Fica claro que as maiores prejudicadas são as grandes exchanges e plataformas de criptomoedas, que antes promoviam ativamente seus serviços. Agora, precisam recorrer a canais mais discretos para atrair clientes ou sair da Rússia.

Regras práticas: como criar conteúdo sobre criptomoedas de forma legal

Se você atua na indústria cripto, é fundamental entender o que pode e o que não pode fazer:

Proibido:

  • Convites diretos à compra ou venda de criptomoedas
  • Publicidade de serviços de exchanges e plataformas de troca
  • Promoção de torneios de trading com mecânica «prêmio = cripto»
  • Divulgação de ICO com objetivo de captar investidores

Permitido:

  • Publicar conteúdo educativo sobre tecnologia blockchain
  • Falar sobre tendências do mercado cripto sem incentivar ações
  • Realizar entrevistas com especialistas do setor
  • Fazer análises de soluções tecnológicas
  • Discutir a economia de protocolos DeFi de forma científica e educativa

Princípio-chave: informar é seguro. Incentivar a ação é ilegal.

Cinco formas de evitar violar a lei de publicidade de criptomoedas

  1. Use linguagem neutra. Em vez de «invista em Bitcoin», diga «Bitcoin demonstra características tecnológicas interessantes».

  2. Foque na tecnologia, não na rentabilidade. Explique o funcionamento de contratos inteligentes, sem mencionar ganhos potenciais.

  3. Evite nomes específicos de serviços. Não faça publicidade de exchanges específicas, use expressões genéricas como «plataformas de cripto».

  4. Trabalhe com audiências fechadas. Newsletters para profissionais do setor ou mensagens em chats privados não configuram publicidade.

  5. Mantenha distância de vendas. Separe ao máximo conteúdo educativo de propostas comerciais.

Consequências de violar a lei: multas e bloqueios

A violação da proibição de publicidade de criptomoedas acarreta consequências sérias:

Para os anunciantes (empresas que veiculam anúncios):

  • Multas de até 500.000 rublos por infração
  • Bloqueio de contas de publicidade nas plataformas
  • Possível responsabilização criminal em caso de reincidência

Para as plataformas (redes sociais, sites, apps que veicularam o conteúdo):

  • Multas de até 500.000 rublos
  • Bloqueio de aplicativos ou sites na Rússia
  • Restrição de acesso

As multas são aplicadas por cada infração, não por conjunto. Ou seja, se uma empresa publicou anúncios em vários locais, pode ser multada por cada um deles.

Zonas cinzentas e o futuro da regulamentação da publicidade de criptomoedas

Apesar da formalização das proibições, o lei ainda apresenta várias lacunas. Alguns tipos de negócios cripto permanecem em zona de indefinição:

  • Jogos com tokens. Tecnicamente, são jogos, não publicidade de criptomoedas. Mas se fizerem foco na atratividade do token, pode ser considerado violação.

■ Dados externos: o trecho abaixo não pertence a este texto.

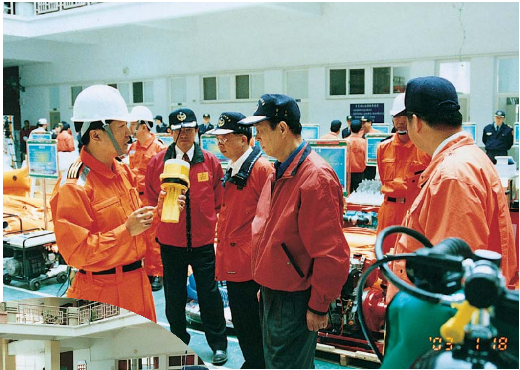
▲署長巡視裝備展示會場並聽取專業人員講解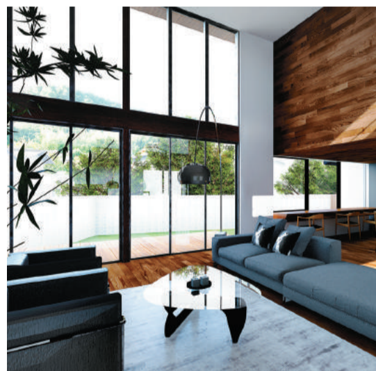
まさに現在、建設中の3邸。実物と見紛うこちらは、初回プレゼン時に提示するCG画像だ。初期段階の打ち合わせから陽の入り方や家具のイメージを高い精度で共有しながら家造りを進めていく。CGをそのまま鏡のように仕上げるプロの仕事を公開予定である3邸のオープンハウスで体感したいものだ。

を測定。それどころか、施主に 温湿度計を置くよう依頼し、 完成入居後まで設計上の住 性能との乖離がないかを調べ るというのだから恐れ入る。 こうした姿勢はすべてに貫か れており、たとえば採光部ひ とつをとつても各時間帯の入 射光まで予測するという。こ の本気の「ライフシンの設 計」力は、特に諸条件が込み 入る狭小地や密集地で威力 を発揮する。上の写真はその 好例だ。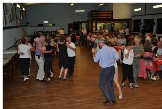
L'ambiance de la soirée les cousins dansent sur les rythmes endiablés de l'orchestre Alsacien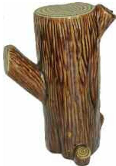
1898 ΙΚΑΡΟΣ ΚΟΡΙΜΟΣ. Κεραμικός, υαλωμένος με κλαδόμορφη ροή βουλωμένη με φελλό και κερί που φέρει σφραγίδα "Triadafillou" και με σφραγίδα "Ποτοποιία Ν.Α. Τριανταφύλλου, Ικαρος Ρόδος" στο κάτω μέρος. Ύψος 22,5 εκ.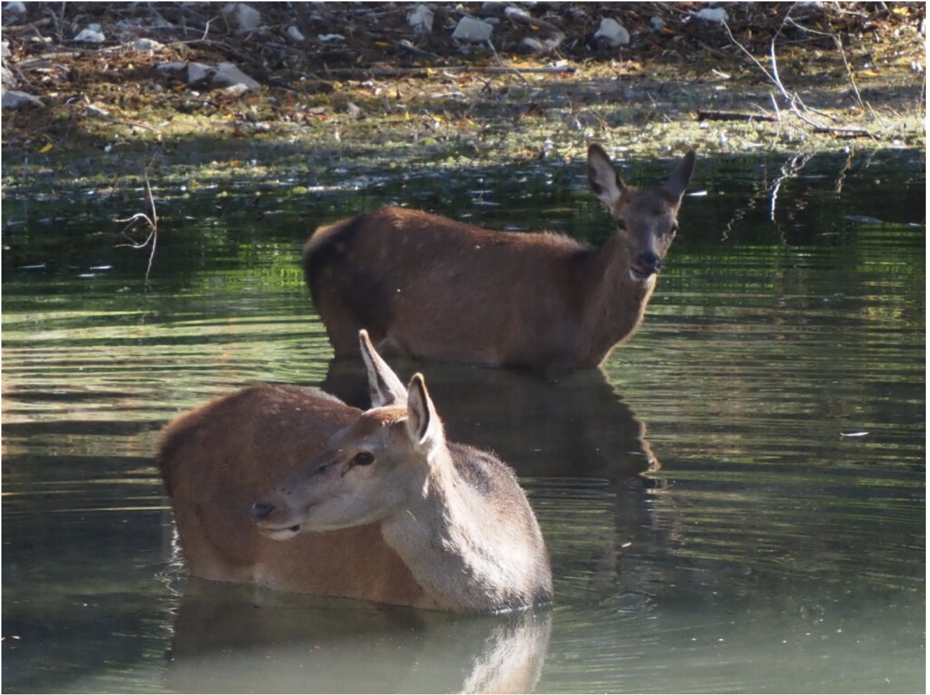
3 – 9 -Femmine di Cervo al bagno al mattino presto, date le alte temperature nonostante i primi di Novembre, nel Lago di San Domenico e nel Lago di Scanno.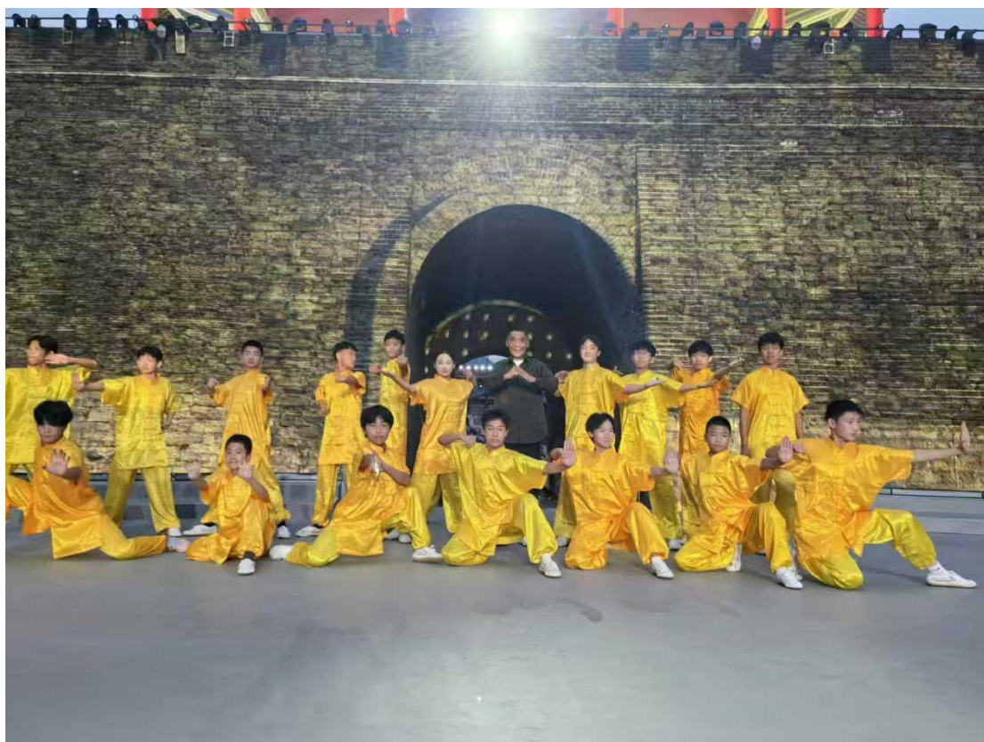
图 12：2024 年第五届“居庸山月”中秋晚会《精忠报国》 3、学校学生参加中央电视台“2024 蓝月亮经典之夜”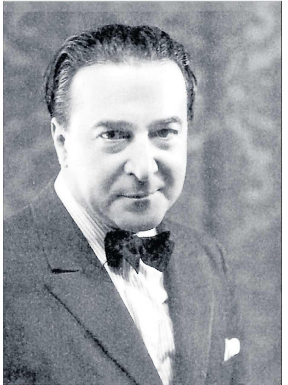
Julio Camba (1882-1962).

Y cosa difícil en la carrera de fondo que es escribir una columna llueva o truene, acudan o no las Musas, el periodista es capaz de convertir en obra de arte el tema más nimio o manido. Así, en esta recopilación una de sus mejores piezas es El mar : «El mar es muy inferior a su fama. Si vale algo es en el sentido industrial, como pescadería y como vía de comunicación», afirma. También es capaz de sacarle punta a la «decadencia de los bigotes franceses», a las diligencias o incluso a la falta de aventuras en los sosos viajes actuales. Cualquier material, por insustan-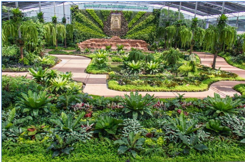
“สวนสวรรค์พันธุ์ไม้งาม” แหล่งเรียนรู้พันธุ์ไม้เขตร้อนชื้น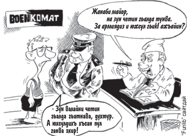
Карикатурадиз баян гайиди Муса АГЪМЕДОВ я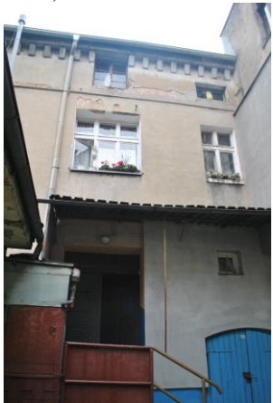
Dom, widok od NW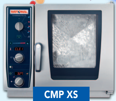
CMP XS Preis pro Stück

Ihren individuellen Preis bzw. Ihr Leasingangebot erhalten Sie vom Dagma-Fachgroßhändler.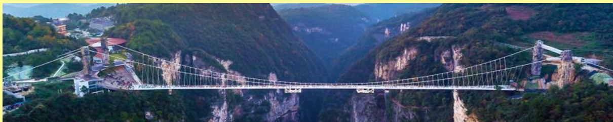
สะพานกระจากข้ามหุบเขาแกรนด์แคนยอน

ลิฟท์แก้วได้ชัดเจน นำท่านขึ้นลิฟท์แก้วขึ้นสู่ยอดเขาอวตาร นำท่านเดินชมจุดชมวิวต่าง ๆ บนยอดเขาอวตาร ได้แก่ภูเขาเสาเฉลียว สะพานหนึ่งในได้หล้า... อัตราค่าบริการรวม ค่าบัตรเข้าอุทยาน ค่ารถรับส่งภายในเขตอุทยาน ค่าน้ำดื่มของไกด์ท้องถิ่น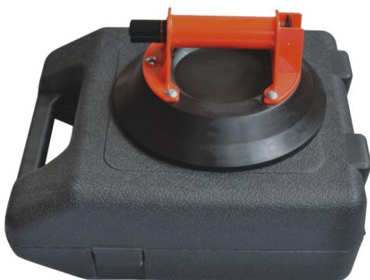
Griff aus ABS * 10" Tragkraft 80KG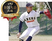
軟式野球部 強化指定クラブ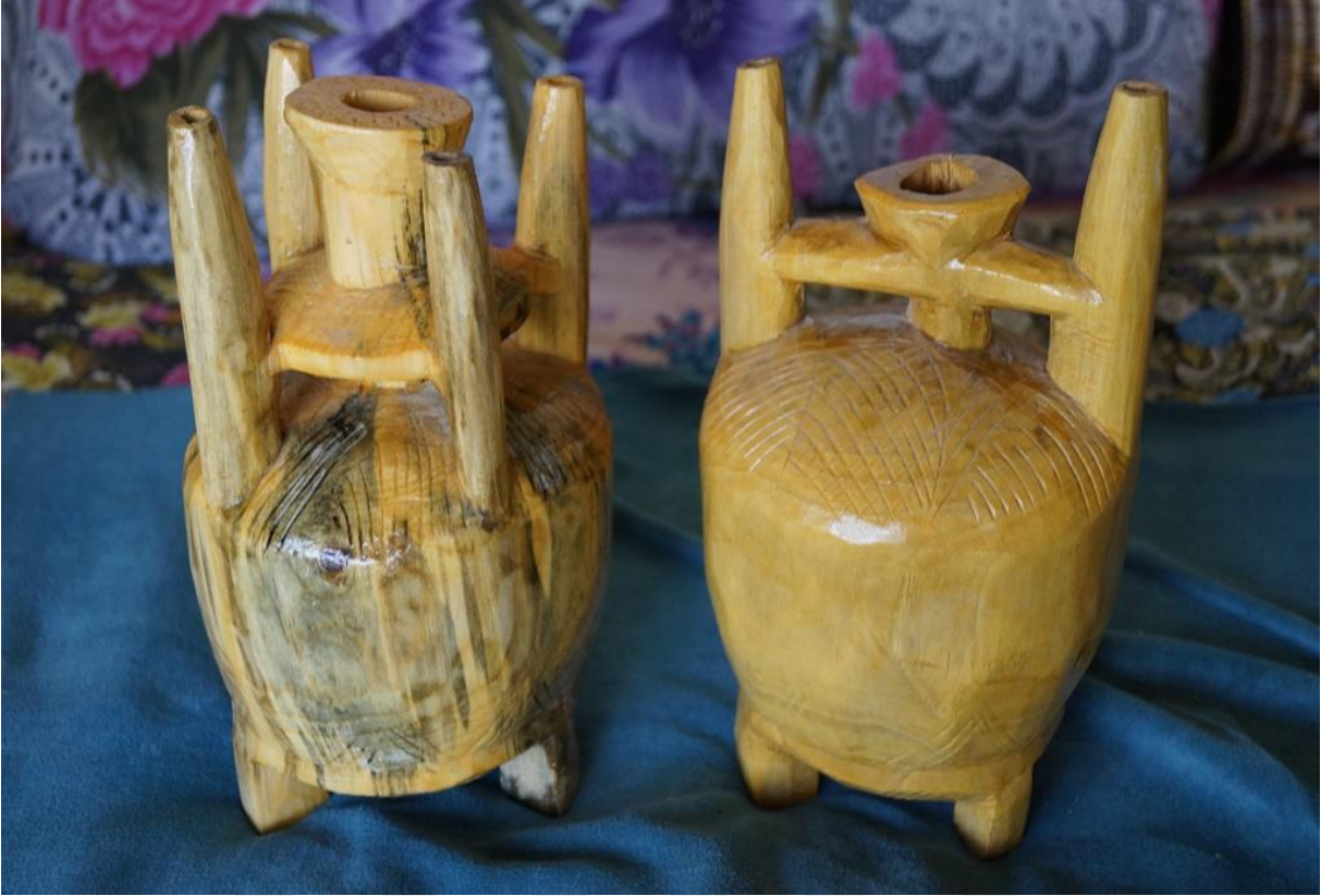
Resim 16 Fıđla Bardađı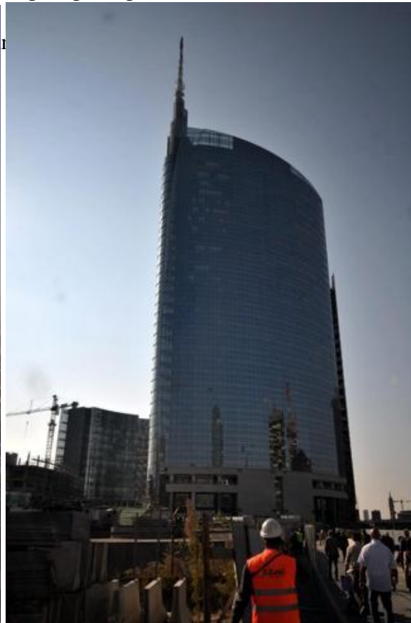
La torre di Cesar Pelli, Milano.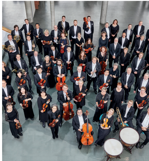
Neujahrskonzert Transatlantische NeujahrgrüÙe 4.1.2024 | 19:30 Uhr | Großer Saal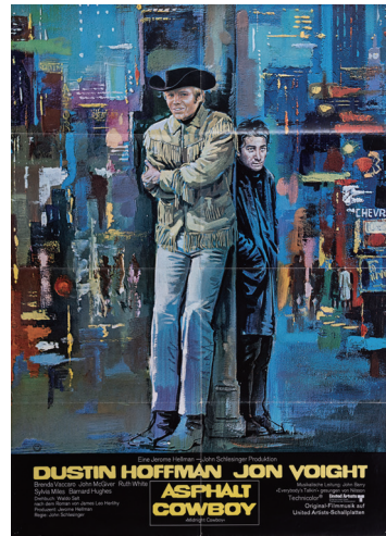
『真夜中のカーボーイ』(1969)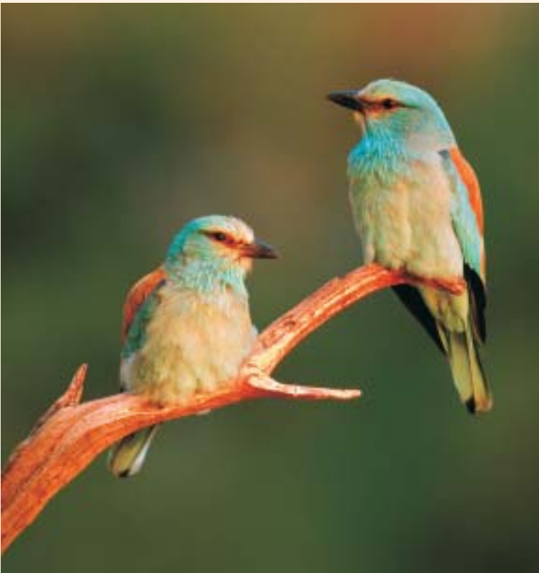
זֶג כַּחֲלִים A pair of Rollers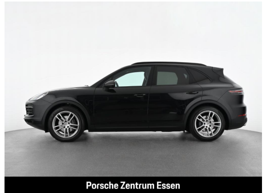
Porsche Zentrum Essen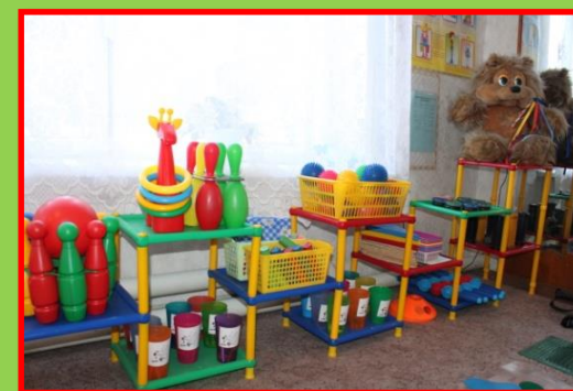
Мелкий коррекционный материал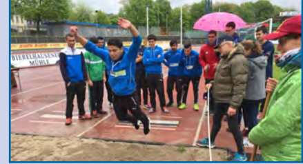
Sports insignia with refugees.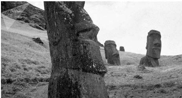
Ilustracion 4: Estatua moai riba Rapa Nui

2. Tabata den año 1722, cu e explorado Hulandes Jacob Roggeveen a aterisa riba un isla chikito den Ocean Pacifico. Segun kalender Catolico di e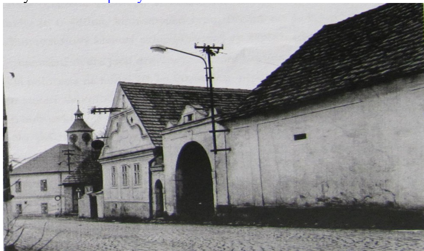
Č.p. 3 a stará škola na návsi (Foud studie)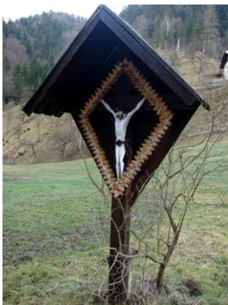
Slika 47: Ropov križ ob Čermenici

Stoji na križišču poti, ki pelje na Duh. Kdaj je bil postavljen, se ne ve. Najverjetneje pa je bil postavljen zaradi križišča in lažje orientacije mimoidočih.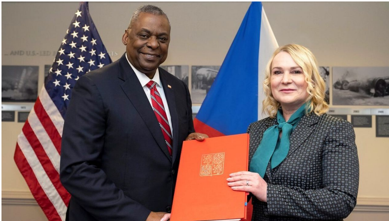
Lloyd Austin a Jana Černochová po podpisu smlouvy DCA

Všechny země světa, které jsou vedeny jako nepřátelské země, jsou zahrnuty v Gerasimovově doktríně jako země spadající do skupiny Salvo I, tedy země prvního úderu.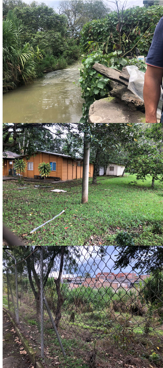
Ilustración 3. Recorrido fotográfico.

La INTERVENTORÍA deberá remitir a la Supervisión los productos establecidos para la ejecución del contrato, en cuatro (4) documentos originales en medio físico, junto con cuatro (4) copias en medio magnético, y/o de manera virtual y digital a través de los mecanismos tecnológicos que se acuerden con la Supervisión del contrato.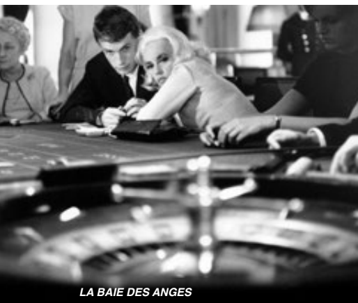
LA BAIE DES ANGES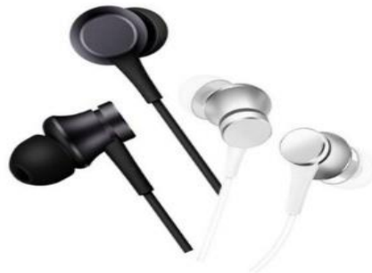
Slika 6: In-ear slušalice

In-ear slušalice, također poznate kao earbuds, danas su u širokoj upotrebi zbog svoje kompaktne veličine i mogućnosti prenosivosti. Stavljaju se unutar ušnog kanala, omogućavajući dobro pristajanje većini korisnika, a u nekim dizajnim in-ear slušalica možemo vidjeti i trake koje se omotavaju oko ušiju radi stabilnosti tokom neke konkretnije aktivnosti. Što se tiče udobnosti in-ear slušalica, iskustva su podijeljena, nekima će biti udobne, a nekima čak i iritantne, posebice nakon slušanja glazbe satima bez prekida. In-ear slušalice imaju manje zvučne jedinice (drive) što ograničava njihovu sposobnost da proizvedu isti frekvencijski raspon, a samim time i raspon zvuka kao on-ear ili over-ear slušalice. Glazbu isporučuju izravno u bubnjić što rezultira manje prostranim i ne baš otvorenim zvukom u usporedbi s drugim vrstama slušalica. Unatoč ovim ograničenjima, danas postoje kvalitetne in-ear slušalice te se njihova prenosivost ne može usporediti s drugim tipovima slušalica.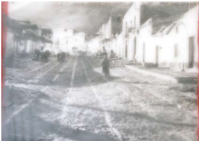
«Castellamare del Golfo», Encaustik auf Holz, 21 x 30 cm, 2006 (nach Photo Photoarchiv Sizilien)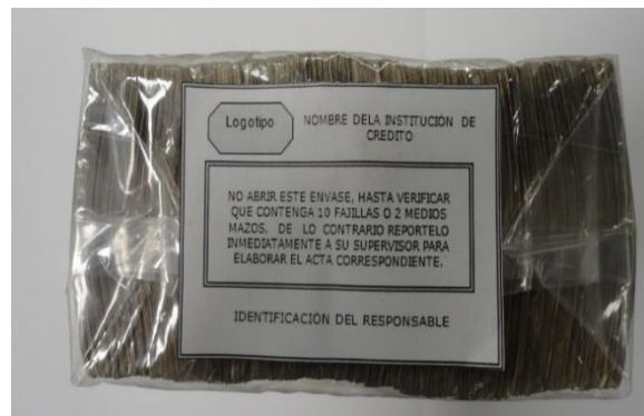
Ejemplo de etiqueta de mazo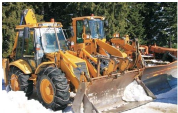
この冬は降雪が少なく、出動回数も大幅に減った除雪機械

当市に合ったより良い除排雪業務のあり方や、保証ではなく傷んだ道路を補修するような修繕費として、費用を支払う手法も検討していきたい。

  • NFT e memecoins. Formalmente, não entram na definição de AFD, mas não há recomendações claras.

  • Plataformas P2P. Anúncios pessoais de compra e venda em sites P2P podem não ser publicidade, mas a plataforma em si está sujeita às restrições.

Muitas empresas esperam que os tribunais interpretem as formulações vagas a favor do negócio. Contudo, essa é uma estratégia arriscada.

Provavelmente, nos próximos anos, os legisladores irão esclarecer as definições de proibição de publicidade de criptomoedas para fechar brechas existentes. Já há especulações de que stablecoins também poderão ser incluídas na proibição na próxima revisão da lei.

As empresas devem tratar com seriedade a legislação atual e não confiar em mudanças futuras. Cautela e uma abordagem conservadora na divulgação de informações sobre criptomoedas são o mínimo necessário para segurança jurídica.